In
Cry Havoc: How the Arms Race Drove the World to War, 1931-1941 (Basic Books, 2010),
Joe Maiolo proposes (I want to write "demonstrates," but please read the book and judge for yourself) two remarkably insightful theses.
The military industrial complex was born three decades before Eisenhower put a name on it.
The first is that the primary result of the disaster that was World War I was not the even great catastrophe that was World War II, but rather a new kind of state and one that is still with us. Maiolo's argument goes something like this. World War I caught the Great Powers flatfooted. They did not believe they were going to fight a protracted war; they thought things would be done quickly and with the men and materiel on hand. Instead, things bogged down and a massive war of attrition--something they had no experience with--ensued. In order to fight this war successfully (meaning to stay in it for the long term), the Great Powers had to fundamentally restructure their economies, something no state had ever had to do, at least in modern time. In a word, the government took over production and distribution in order to optimize the flow of arms and supplies. Many statesmen found this move objectionable, but all believed it necessary. Once the war was over, they remained convinced that the only way to deter their enemies and, in the case they couldn't, fend them off, was to retain control of large segments of the economy and plan to take control of even larger segments. The ability to make war on a World-War-I scale and for a World-War-I duration had to be built into the "plan." Thus the leaders of all the Great Powers effectively militarized their economies in anticipation of the next great conflict. The military industrial complex was born three decades before Eisenhower put a name on it.

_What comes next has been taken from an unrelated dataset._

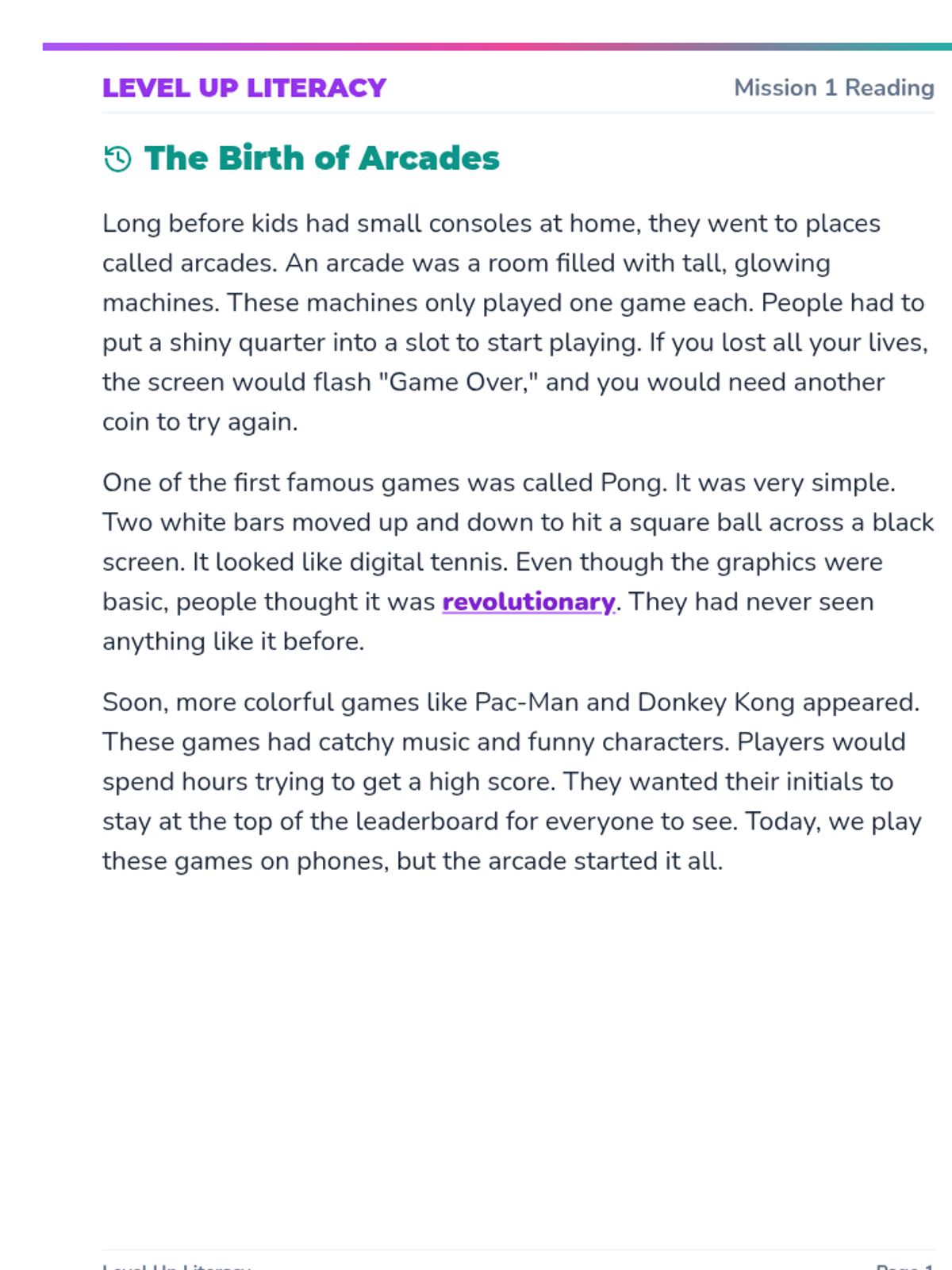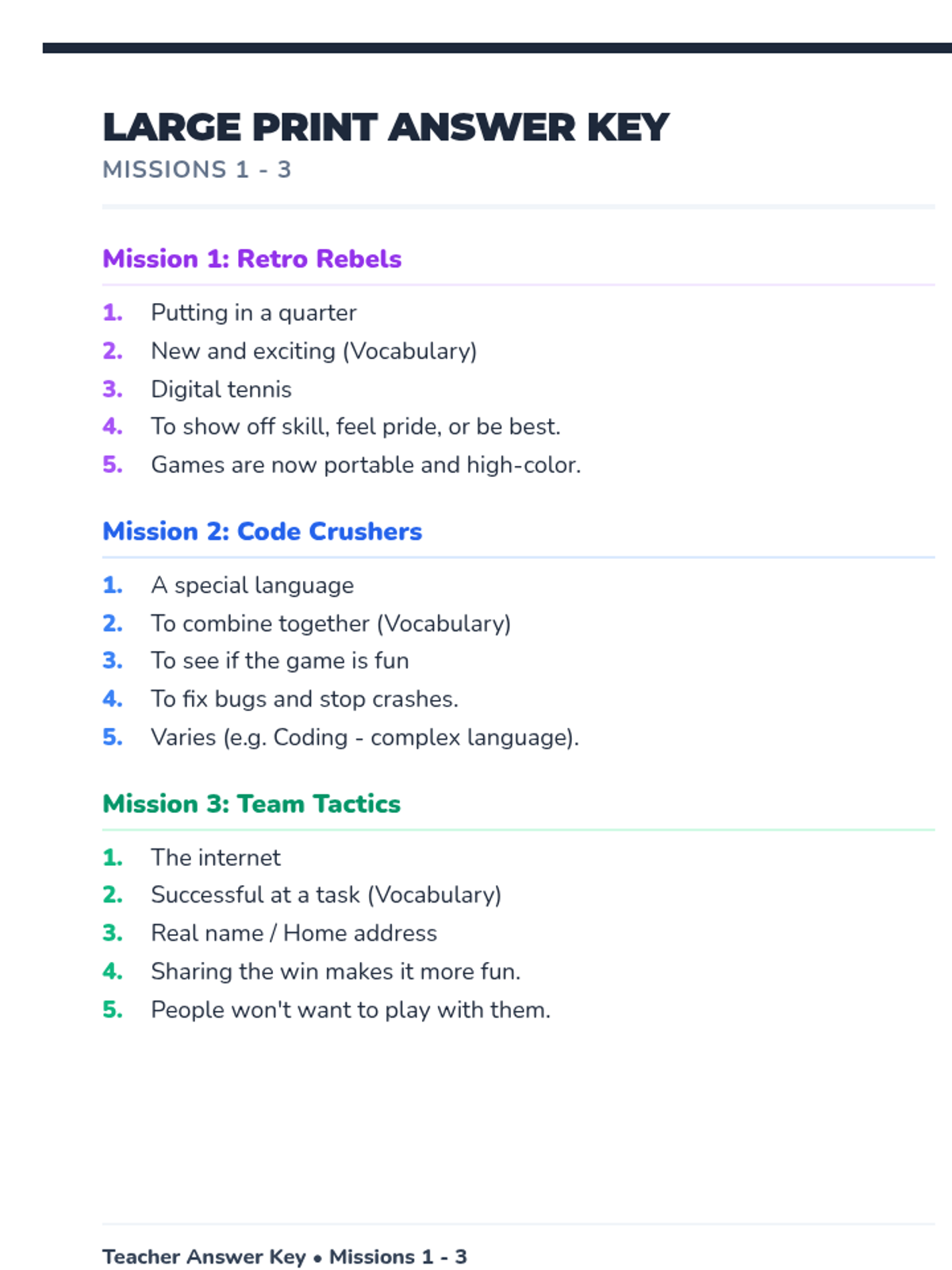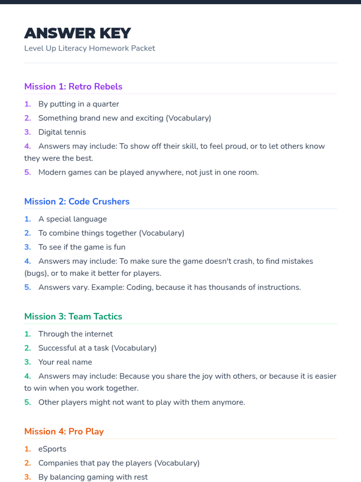 A large-print 2-page answer key for the Level Up Literacy Homework Packet. Features enlarged text (18px+) for better readability for teachers or visually impaired users. Correct responses for all 5 missions are provided.

Maiolo's second insight has to do with the origins of World War II itself. Most historians agree that it was "Hitler's War." He planned it, he armed Germany for it, and he started it. Maiolo doesn't necessarily disagree with this position, but he offers an interesting counter-factual that puts it in a different light. What if there had been no Hitler? Would the statesmen of Europe have avoided a second great conflict? Maiolo suggests not, and for an interesting reason. Several of the Great Powers--the Soviets and Germans in particular--were very dissatisfied with the settlement at Versailles. They would not stand pat in any case. Given what we know about Soviet and German plans for and movements toward rearmament before 1933 (thanks, it should be said, to Maiolo's own research), it is not clear that leaders
other Stalin or Hitler might not have done exactly what Stalin and Hitler did in 1939, that is, take what they felt was rightfully "theirs" by force of arms. And as Maiolo shows, they would have had plenty of arms at their disposal in any case. The Europeans were going to go at again; it was simply a question of when.